To do.
An unchanged copy of all the lines below is expected, and it should contain no pictures.

Provided material.
---
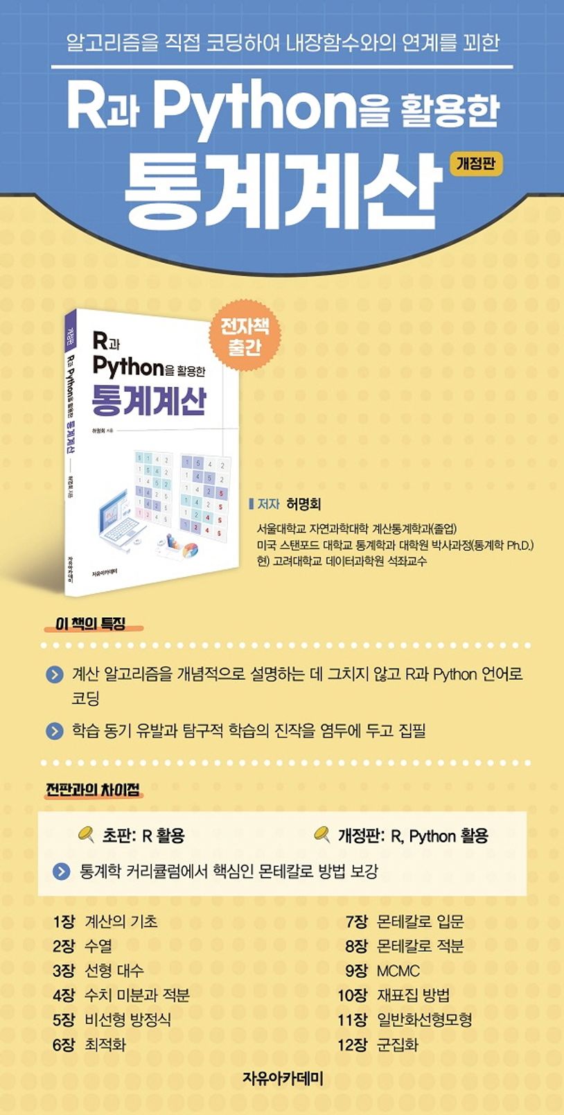 계산도구는 데이터과학에서 손꼽히는 두 언어인 R과 Python다. 모든 알고리즘을 직접 코딩하였고 내장함수(built-in functions)와의 연계를 꾀하였다. R과 Python 중 하나로도 이 책을 학습할 수 있다. 교재에 제시된 R과 Python 스크립트는 출판사 홈페이지(http://www.freeaca.com) 자료실에 올려져 있다. “copy and paste” 및 단순한 편집으로 응용이 가능하다.
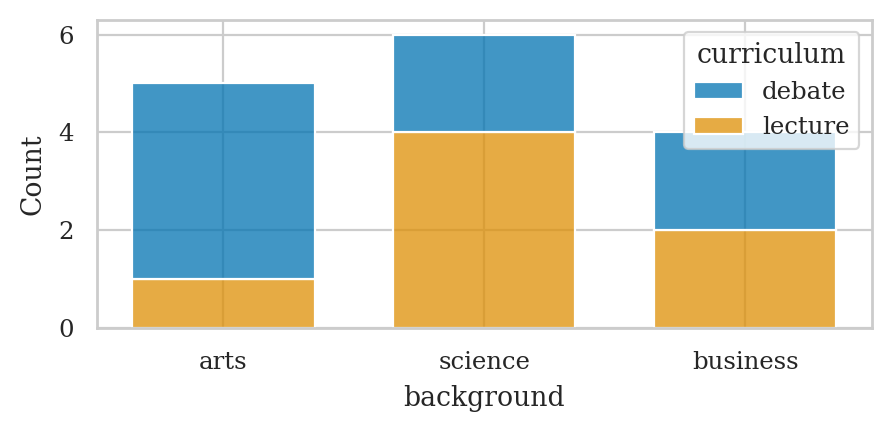 # sns.displot(data=students, x="background", hue="curriculum", multiple="stack", shrink=0.8)
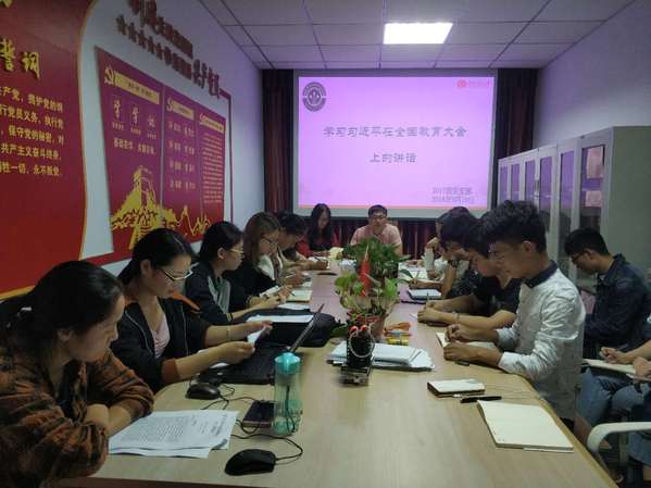 为深入学习习近平在全国教育大会上的重要讲话精神,鼓舞学生关心国家教育教师发展大事,践行“精育良才,教育报国”的师大精神。9月19日中午,2017级全国教育大会学习会在党建工作室召开,辅导员以及主要学生干部参加了此次会议。
---
Problem solution.
 계산도구는 데이터과학에서 손꼽히는 두 언어인 R과 Python다. 모든 알고리즘을 직접 코딩하였고 내장함수(built-in functions)와의 연계를 꾀하였다. R과 Python 중 하나로도 이 책을 학습할 수 있다. 교재에 제시된 R과 Python 스크립트는 출판사 홈페이지(http://www.freeaca.com) 자료실에 올려져 있다. “copy and paste” 및 단순한 편집으로 응용이 가능하다.
 # sns.displot(data=students, x="background", hue="curriculum", multiple="stack", shrink=0.8)
 为深入学习习近平在全国教育大会上的重要讲话精神,鼓舞学生关心国家教育教师发展大事,践行“精育良才,教育报国”的师大精神。9月19日中午,2017级全国教育大会学习会在党建工作室召开,辅导员以及主要学生干部参加了此次会议。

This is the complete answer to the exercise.